# Deer Photos



## stonebroke (Dec 16, 2004)

I do quite a bit of outdoor/wildlife photography. I don't know what I might have posted here recently, but here are a few of the photos I've taken this fall. I'll post more as I have time. Hope you all enjoy them.


----------



## north14 (Oct 1, 2004)

Very nice pics!! Keep them coming. :beer:


----------



## djleye (Nov 14, 2002)

Damn........Nice deer!!!! Want a hunting partner!!!! :lol:


----------



## HUNTNFISHND (Mar 16, 2004)

Very nice!

What kind of camera and lens do you use?


----------



## Fallguy (Jan 23, 2004)

Those are nice pictures. Do you both mulies and whitetails in your area or were those pictures taken in different areas?


----------



## stonebroke (Dec 16, 2004)

Fallguy said:


> Those are nice pictures. Do you both mulies and whitetails in your area or were those pictures taken in different areas?


We have both Mulies and Whitetails here.....I'd say it's close to a 50/50 mix. You never know what you are going to run into when you go hunting.....

I use a Canon Digital Rebel XT. The lens used in these photos is a Canon 75-300. I need to upgrade my lens when I get a few extra bucks. This lens does an ok job in good light, but is quite slow and isn't really adequate in lower light. A lens with more magnification would be better too, but you're talking big bucks to get into the kind of lens I'd really like!!

Here's a couple more photos I've taken recently...


----------



## ringneckhnter (Nov 27, 2006)

That back one looks like a realy big deer, do you have another picture of him with is head up?? by the way these pictures are outstanding. i'd like to see some roosters if you got em.


----------



## stonebroke (Dec 16, 2004)

ringneckhnter said:


> That back one looks like a realy big deer, do you have another picture of him with is head up?? by the way these pictures are outstanding. i'd like to see some roosters if you got em.


Here's one with his head up. I don't have much for pheasant pictures, but here's one standing next to a small whitetail buck.......kind of strange how they ignore deer but panic with they see a human!!


----------



## djleye (Nov 14, 2002)

Awesome Photos!!!!!!


----------



## ringneckhnter (Nov 27, 2006)

that's pretty rare, rooster pheasant next to a buck, these are great photos. that is a phenomenal buck!


----------



## ND decoy (Feb 1, 2003)

Very nice.


----------



## Burly1 (Sep 20, 2003)

Terrific photos! I can see a camera upgrade in my future. Burl


----------



## USSapper (Sep 26, 2005)

stone broke, those are some very good pictures with lots of detail in them. The color is unreal. I have always been interested in photography, just wondering, how close are you to most of these animal(deer). Do you sneek up on them or just take them from a vehicle?


----------



## stonebroke (Dec 16, 2004)

USSapper said:


> stone broke, those are some very good pictures with lots of detail in them. The color is unreal. I have always been interested in photography, just wondering, how close are you to most of these animal(deer). Do you sneek up on them or just take them from a vehicle?

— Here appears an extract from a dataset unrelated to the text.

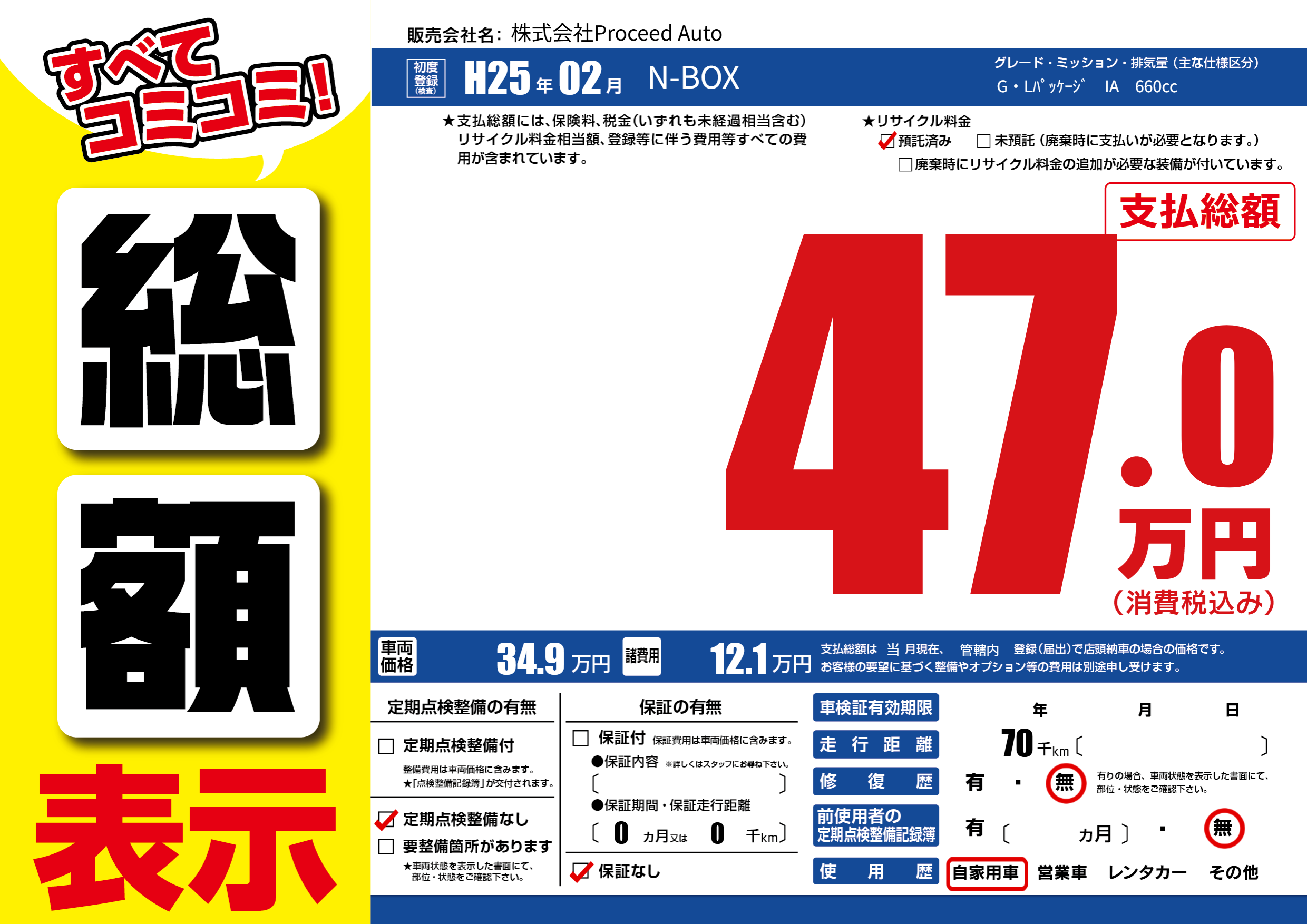 | 定期点検整備 | 定期点検整備なし | ||

I took most of these during bow season. I was about 60-70 yards from most of these deer. I didn't sneak up on them.....I was sitting in a makeshift ground blind (I don't like heights, so rarely use a treestand). I could have killed either buck in the two photos of the bucks that show the most detail. They were both in bow range a couple of times, but I passed on them. I was about 125 yards from the buck out in the oat field.....that's pushing it with my camera equipment.... A little too far for good quality photos, but I take them anyway. :lol:


----------



## Fallguy (Jan 23, 2004)

How far were you from that grouse? I think that one is my favorite photo.


----------



## stonebroke (Dec 16, 2004)

Fallguy said:


> How far were you from that grouse? I think that one is my favorite photo.

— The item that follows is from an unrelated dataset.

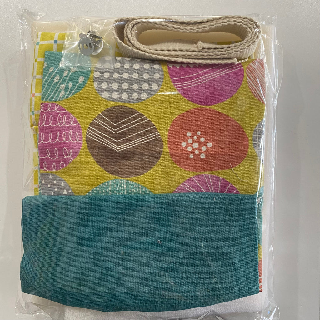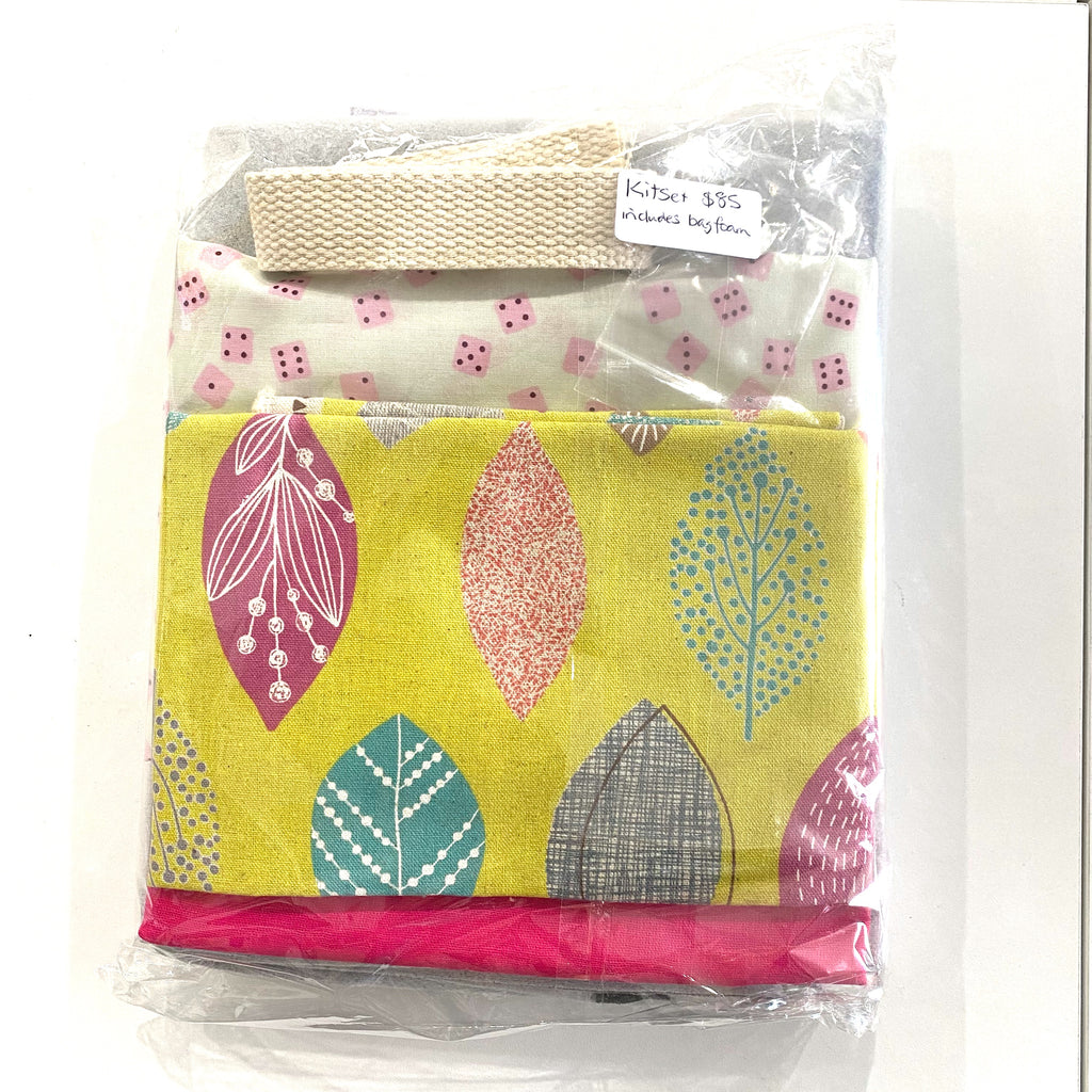 The kitset in different colour ways includes the pattern instructions, all fabrics (heavy cotton for main outer and quilting weight cottons for contrast and lining), fusible interfacing, bag foam, magnetic dome and firm cotton canvas webbing for handles.

Maybe 20 feet or so? Not sure. There was about 40 of them hunkered down in the snow. ya, that's one of my favorites too. Here's one of a mink that came along the creek one afternoon when I was out.










And one of a coyote that came ambling by one day....


----------



## Mud15 (Sep 24, 2004)

Great pics! Hopefully you shot that coyote!


----------



## djleye (Nov 14, 2002)

I would like to see a pic of your ground blinds that are getting you so damn close to the animals. They must be very natural looking.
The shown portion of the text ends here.